_Problem description:_
Retype all the records below exactly as they are, with no image carried over.

————

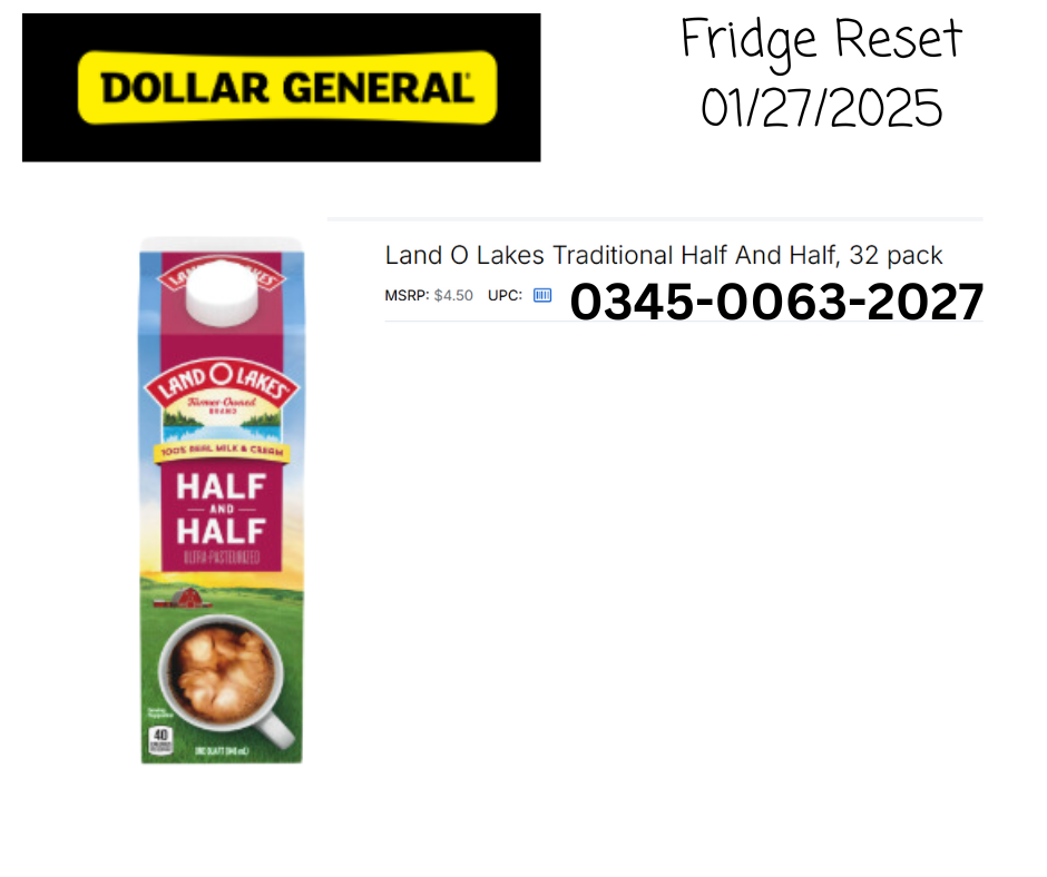 - Land O Lakes Half & Half ESL 32oz – UPC: 0345-0063-2027
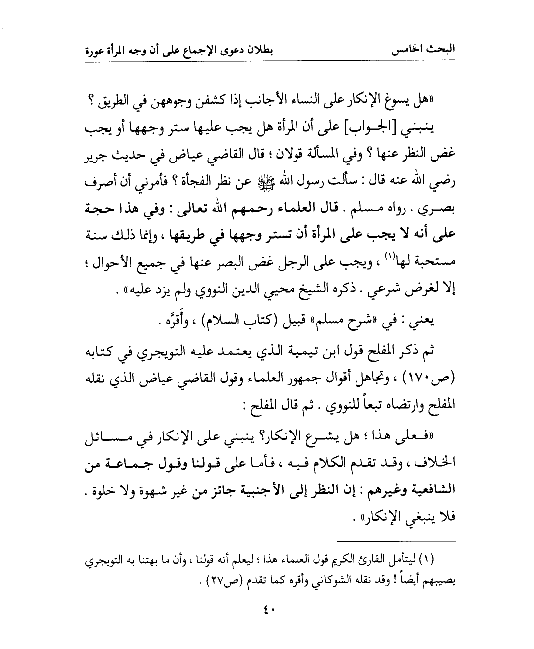 ثم ذكر المفلح قول ابن تيمية الذي يعتمد عليه التويجري في كتابه (ص 170) وتجاهل أقوال جمهور العلماء وقول القاضي عياض الذي نقله المفلح وارتضاه تبعا للنووي. ثم قال المفلح:
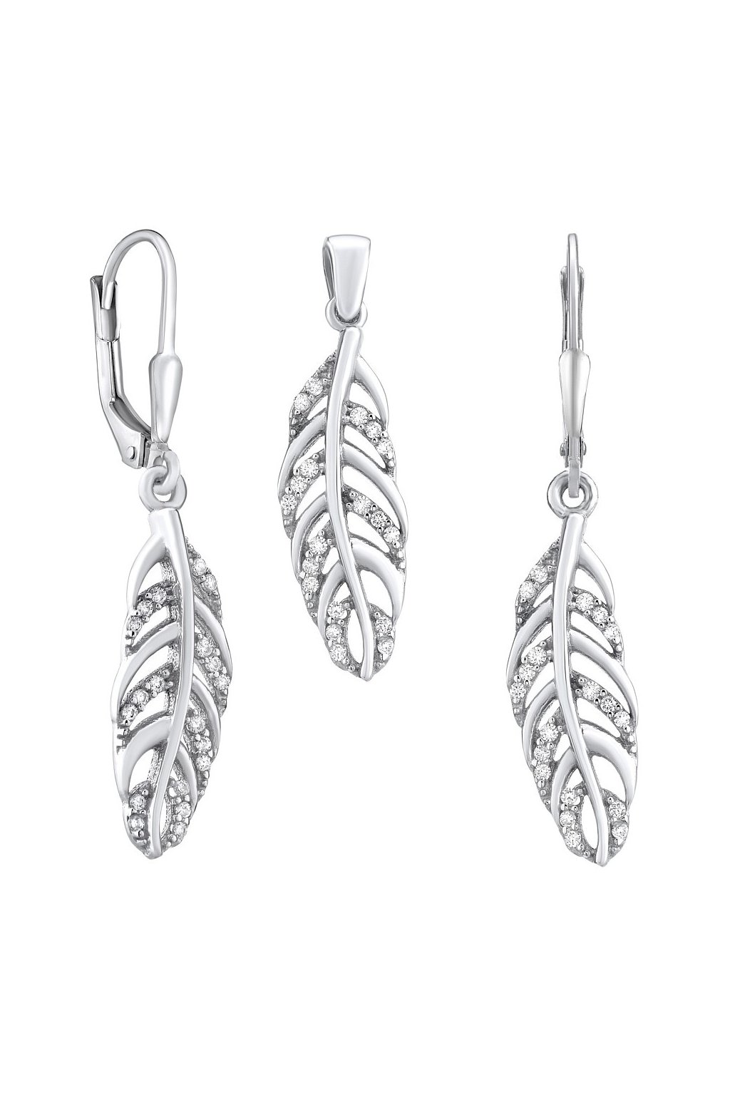 Strieborná súprava šperkov v tvare pierka - náušnice a prívesok so zirkónmi.
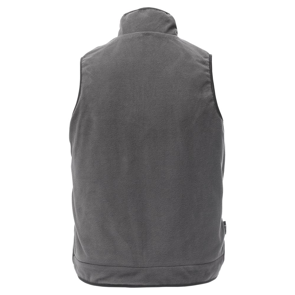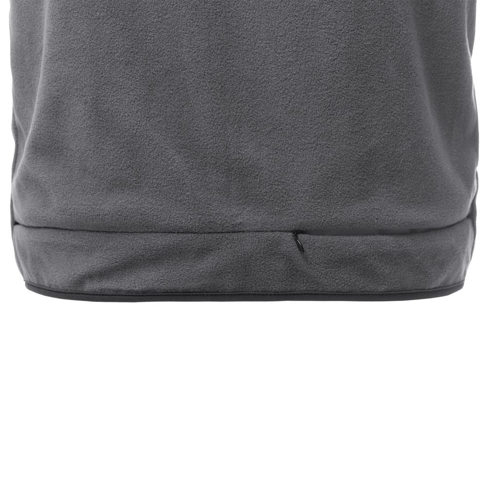 Сверху нейлон с водостойкой пропиткой, внутри — флис. А можно и наоборот. Жилет ведь двусторонний. Для удобства нанесения логотипа можно частично отстегнуть подкладку.
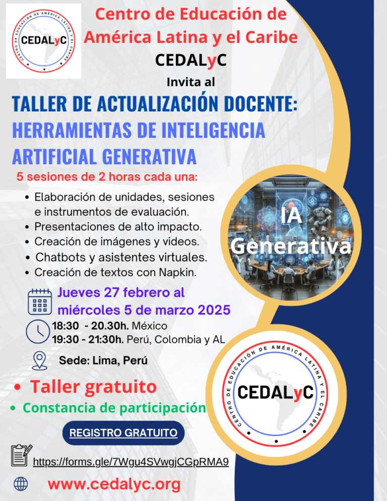 El Centro de Educación de América Latina y el Caribe, invita a inscribirse al taller de actualización docente: Herramientas de inteligencia artificial generativa. Duración: 27 de febrero al 5 de marzo de 2025. 5 sesiones de 2 horas
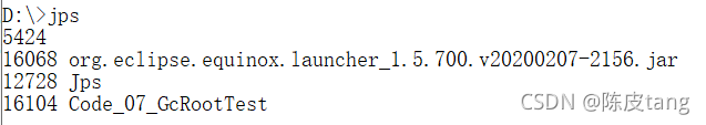 对于以上代码,可以使用如下命令将堆内存信息转储成一个文件,然后使用 Eclipse Memory Analyzer 工具进行分析。 第一步: 使用 jps 命令,查看程序的进程

————

_Exercise answer:_
 - Land O Lakes Half & Half ESL 32oz – UPC: 0345-0063-2027
 ثم ذكر المفلح قول ابن تيمية الذي يعتمد عليه التويجري في كتابه (ص 170) وتجاهل أقوال جمهور العلماء وقول القاضي عياض الذي نقله المفلح وارتضاه تبعا للنووي. ثم قال المفلح:
 Strieborná súprava šperkov v tvare pierka - náušnice a prívesok so zirkónmi.
 Сверху нейлон с водостойкой пропиткой, внутри — флис. А можно и наоборот. Жилет ведь двусторонний. Для удобства нанесения логотипа можно частично отстегнуть подкладку.
 El Centro de Educación de América Latina y el Caribe, invita a inscribirse al taller de actualización docente: Herramientas de inteligencia artificial generativa. Duración: 27 de febrero al 5 de marzo de 2025. 5 sesiones de 2 horas
 对于以上代码,可以使用如下命令将堆内存信息转储成一个文件,然后使用 Eclipse Memory Analyzer 工具进行分析。 第一步: 使用 jps 命令,查看程序的进程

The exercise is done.